We also reverse the partial summary judgment finding the County liable under an inverse condemnation theory. Red Cedar did not plead this theory of recovery in its complaint. It was injected into the case only after the circuit court eliminated most of the counts against the County on motion for summary judgment. In a supplemental brief in support of Red Cedar's motion for reconsideration of that ruling, Red Cedar suggested that one of the counts could be interpreted as an inverse condemnation action and reinstated as such. The court did so in an order entered just five weeks before the December 16, 1996 trial date.
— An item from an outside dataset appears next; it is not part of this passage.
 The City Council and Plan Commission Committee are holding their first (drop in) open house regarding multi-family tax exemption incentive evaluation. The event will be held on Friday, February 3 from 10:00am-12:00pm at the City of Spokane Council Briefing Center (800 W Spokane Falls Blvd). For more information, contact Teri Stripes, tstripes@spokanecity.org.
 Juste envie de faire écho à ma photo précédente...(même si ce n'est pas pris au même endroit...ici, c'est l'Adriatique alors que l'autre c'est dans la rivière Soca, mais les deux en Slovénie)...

The County filed a motion for rehearing, protesting that it had been deprived of an opportunity to plead in response to this belated theory of recovery, or to advance appropriate affirmative defenses. On November 26, 1996, Red Cedar filed a motion for summary judgment on its new inverse condemnation claim, and served it on the County by mail. The circuit court heard both motions on the first day of the scheduled trial. It denied the County's motion for rehearing, and it granted Red Cedar's motion for summary judgment. The trial then proceeded against both defendants on the issue of damages.

The partial summary judgment against the County must be reversed for two reasons. First, over the County's objection, the motion was heard only twenty days after it was served by mail, in violation of rules 1.090(e) and 1.510(c), Florida Rules of Civil Procedure. See Nelson v. Balkany, 620 So.2d 1138, 1139 (Fla. 3d DCA 1993) (holding that scheduling of hearing on motion for summary judgment less than 25 days after filing and mailing of motion was prejudicial error, requiring that judgment be set aside, particularly where hearing rested on theory different from that pled.)

More importantly, the partial summary judgment determined that the County was liable on a theory that had never been pleaded, and as to which it had never had the opportunity to file a responsive pleading and affirmative defenses. We agree that, properly pleaded, such an action lies here. See Kirkpatrick v. City of Jacksonville Through Dept. of Housing and Urban Development, 312 So.2d 487, 489 (Fla. 1st DCA 1975) (holding that property owner whose real or personal property has been destroyed by unwarranted governmental action may institute a proceeding to compel the governmental body to exercise its power of eminent domain and award just compensation to the owner); Flatt v. City of Brooksville, 368 So.2d 631 (Fla. 2d DCA 1979) (same). However, the timing and manner of this theory's injection into the lawsuit severely prejudiced the County. On remand, the circuit court shall have the discretion to permit a proper amendment to Red Cedar's pleadings to assert an inverse condemnation claim, provided that the County is provided an adequate opportunity to plead in response and prepare its defense to the claim.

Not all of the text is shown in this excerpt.